Романтическая незнакомка удалялась по коридору, ну да – гений чистой красоты, хотя и увиденный со спины; но вообще-то восхитительная Катя Гарамова не только благодаря росту и магической внешности своей была звездой скульптурного факультета, да и культовой для всей Академии художеств фигурой, как же, это и сам Германтов сразу понял, когда случайно заглянул в скульптурную мастерскую… Конечно, женщина-скульптор – это и вовсе нонсенс, и исключения из правила, к примеру, талантливые исключения по фамилии Голубкина или Мухина, в расчёт им по причинам юношеского максимализма не принимались, однако Германтов сразу понял…

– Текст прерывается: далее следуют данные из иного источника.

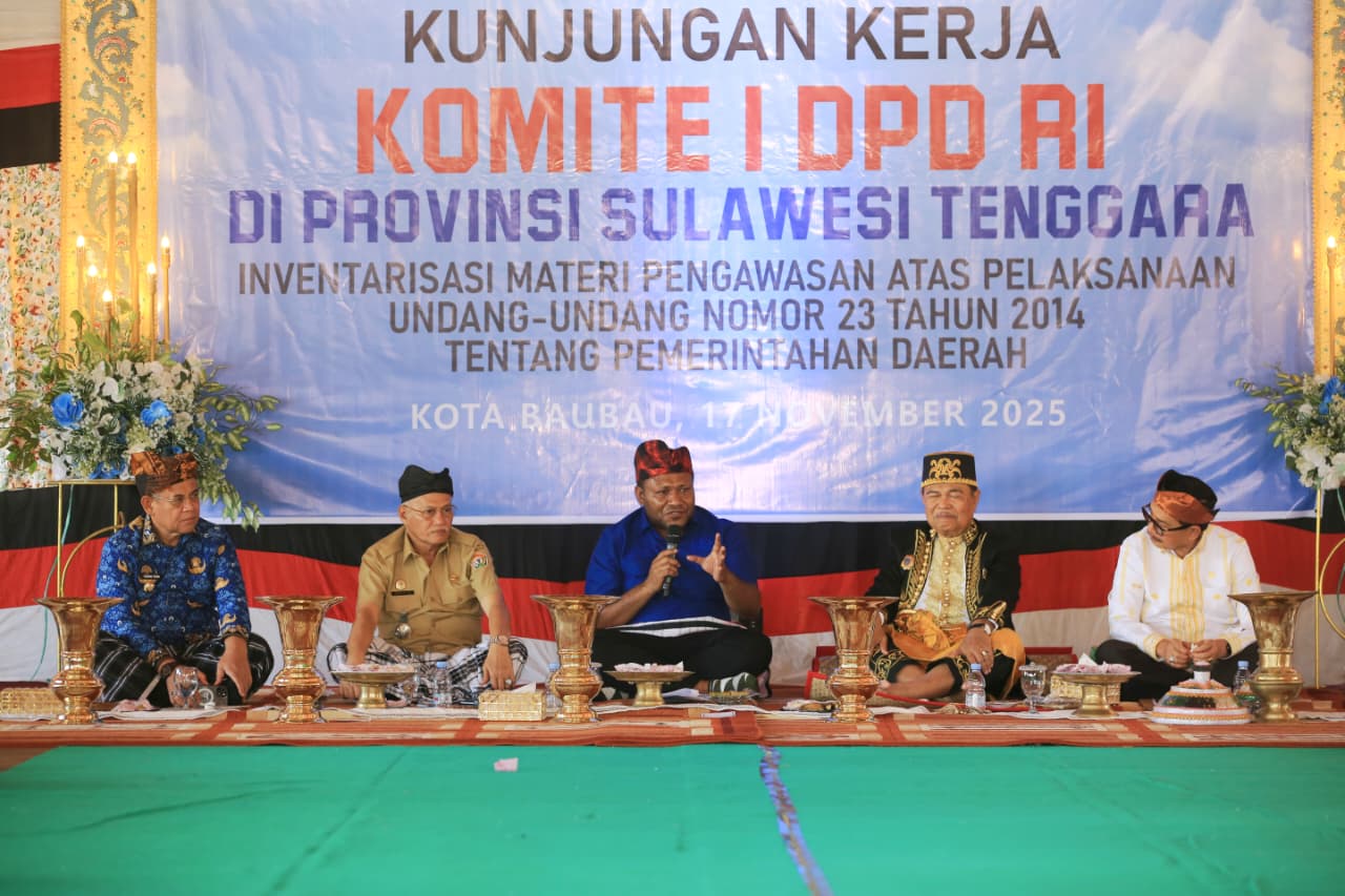 Baubau, Jurnalisbengkulu.com — Komite I DPD RI melakukan kunjungan kerja ke Kota Baubau, Senin (17/11/2025), untuk menyerap aspirasi pemerintah daerah, lembaga adat, dan akademisi terkait implementasi UU 23/2014 serta dinamika baru akibat lahirnya sejumlah regulasi seperti UU Cipta Kerja dan UU HKPD.

Да, Кате вслед говорили: на Пилецкую из «Разных судеб» похожа, только лучше; и не только на отечественную Пилецкую, заметим, на другую Екатерину, Катрин то есть, ту Катрин, что в воздушных «Шербурских зонтиках» и «Девушках из Рошфора» нас очаровала-сразила, тоже была похожа, и тоже – как ни фантастично это утверждение! – лучше её, из-за живой изменчивости, была. И ещё, к примеру, на Ванессу Редгрейв, чуть более брутальную, чем невесомо-сказочная француженка, была похожа. Вспомните-ка рослую англичанку с красивой посадкой головы, классическими чертами веснушчатого лица – так вот Катя, на самом-то деле ни на кого не похожая, напоминала всё же, при первом быстром взгляде на неё, ту, молодую, породистую и – без шпильки не обойтись – тогда не помешавшуюся ещё на левацкой политике Ванессу Редгрейв, которую мы увидели в «Блоу-ап»; гордая стать и прямой нос, большие серые глаза, подбородок, в котором ощущались твёрдость и сила; похожа, но «только лучше», несомненно – лучше. Да ко всему Катя и нравом-норовом необузданным отличалась, нежданно вспыхивала – она затмевала всех тех, с кем сравнивали её, естественностью, пожалуй, – сверхъестественностью своей; кстати, на рослой веснушчатой экранной красавице англичанке, когда появилась она после показа «Блоу-ап» перед журналистами, была точно такая же, как на Кате, красно-клетчатая короткая юбка из «шотландки», да, как на Кате, а вовсе не наоборот – Катя гордилась тем, что сшила свою красно-клетчатую чудо-юбку, мгновенно распадавшуюся от еле слышного треска тончайшей молнии, года за два, а то и за три до просмотра знаменитой картины Антониони. Однако, на беду свою, Катя была не только внешне схожа со статными прекрасными кинодивами нашей молодости, но в отличие от них, удачливых в лицедейских одарённостях своих, ещё и чертовски талантлива в ваянии, чертовски опасно талантлива!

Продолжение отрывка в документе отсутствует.